Besides speaker-specific effects and long-lasting effects of satiation, another relevant area of research bearing on the source of satiation effects for Subject Islands is structural priming. Like satiation, structural priming can be characterized as a type of facilitation due to repetition of a syntactic structure. Structural priming across intervening trials has been argued to involve implicit learning (Bock & Griffin, 2000). Therefore, evidence for structural priming of Subject Island structures across intervening items, if found, would be consistent with a syntactic adaptation (implicit learning) account of satiation. Whereas satiation studies have measured cumulative improvements in acceptability over time, structural priming studies have measured facilitation within prime-target pairs. In addition, structural priming studies, unlike satiation studies, have rarely investigated island constructions. In a study that aimed to bridge these two areas of research, Do and Kaiser (2017) investigated priming across one vs. five intervening trials for Subject Islands and Complex NP Islands. They assumed that priming across longer distances, if shown, would provide solid evidence in favor of implicit learning. We will focus here on their findings for Subject Islands. In a Likert scale acceptability rating task, their analysis of prime-target pairs showed no significant improvement in ratings of Subject Island sentences following a Subject Island prime. This was true even when only one sentence intervened between the prime and the target. However, in a second experiment that used self-paced reading, they found faster reading times for Subject Island sentences following a Subject Island prime. When one sentence intervened between the prime and the target, faster reading times were shown across multiple regions. When five sentences intervened, faster reading times were shown in just one region. Despite the latter finding, the authors interpret these results as tentative support for a lingering activation account (which predicts priming effects, but only over shorter distances) and against an implicit learning account. Overall, we take these results to be inconclusive with respect to the source of facilitation, as reported in several previous studies of satiation in Subject Islands.

In the current study, we revisit the question of whether English Subject Islands show any lasting effects of satiation. We build upon the longitudinal design of Snyder (2022), with a few adjustments to increase the chances of satiation effects. Specifically, our stimuli and design are directly adapted from Chaves and Dery (2019), a study which exhibited robust satiation effects but lacked a longitudinal component. It remains unclear which specific factors led to Chaves and Dery’s (2019) robust effect and Snyder’s (2022) null results. Compared to Snyder (2022), we included more exposures to Subject Islands (18 per session across 3 sub-experiments instead of 5), more participants (80 instead of 22), and a more sensitive methodology (Likert-scale acceptability judgment and self-paced reading tasks instead of a yes-no judgment task).

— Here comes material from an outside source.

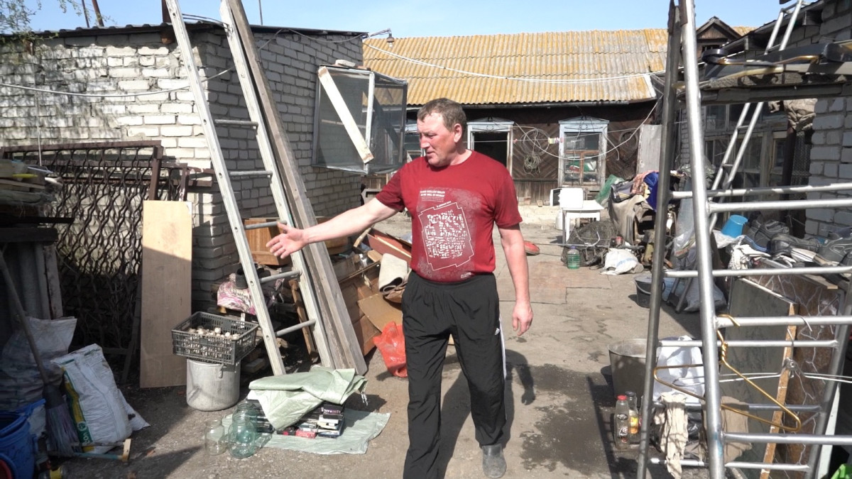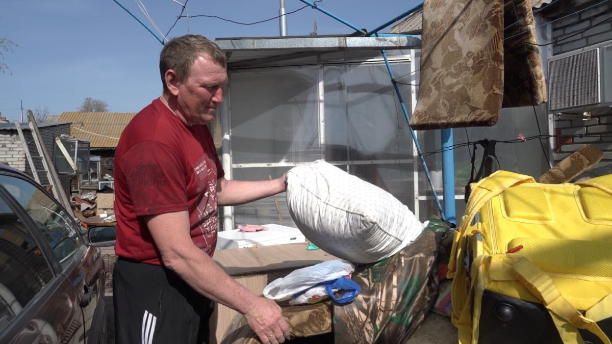 Костанаец Александр Ситников ни на день не покидал свой дом, даже когда он ушёл под воду. Разбил палатку на крыше гаража и караулил, чтобы мародёры не зашли. Теперь вынес мокрые вещи на улицу и сушит то, что еще можно спасти.

Regardless of the possible reasons for Snyder’s null results, the results from our first session showed robust satiation effects, as in Chaves and Dery (2019). With respect to the longitudinal comparison, our results suggest that Subject Islands do, in fact, exhibit moderate long-term syntactic satiation effects. Although the ameliorative effect begins to wane once participants are no longer exposed to such sentences, the effect is still detectable three weeks after the initial exposure. Crucially, ungrammatical controls do not exhibit such a strong satiation profile, which speaks against task adaptation being the sole driver of Subject Island satiation, and suggests that practice with the experimental task is not all that matters; speakers can learn to adapt to the presence of subject-embedded gaps.

As we will elaborate below, our results are most consistent with a learning-based model of syntactic adaptation (Fine et al., 2013; Lu et al., 2021), and with conceptions of linguistic competence which include probabilistic information (Culicover et al., 2022; Fanselow et al., 2006; Francis, 2021; Lau et al., 2017; Manning, 2003; Villata & Tabor, 2022; Villata et al., 2019; Wasow, 2002). In the following section, we describe our methods and results.

3. Experiments

The current study employs a longitudinal design with the structure seen in Figure 1. Here, we present a brief overview of the study design before describing the methods in greater detail. The first session consisted of Experiments 1a, 2a, and 3a, conducted back-to-back, and the follow-up session consisted of the analogue Experiments 1b, 2b, and 3b, similarly conducted back-to-back. The same participants completed both sessions, three weeks apart.

Figure 1: Longitudinal study consisting of two series of three experiments.

In Experiment 1a, participants were asked to rate 10 interrogative English sentences, using a Likert scale of 1–7, in the two conditions shown in (10), counterbalanced across two lists, pseudo-randomized, and interspersed with 10 interrogative distractor sentences. Each participant saw a different order of items.

(10)

a.

Which artist does the son of frequently collaborate with the daughter of the Governor?
(Subject Island condition)

b.

Which artist does the daughter of the Governor frequently collaborate with the son of?
(Object condition)

Each participant, therefore, saw 5 Subject Island sentences, 5 Object (non-island) sentences (the controls), and 10 distractors. Our prediction is that the ratings for the Subject Island condition items start out as being significantly lower than the ratings for the Object condition, but gradually converge towards the latter.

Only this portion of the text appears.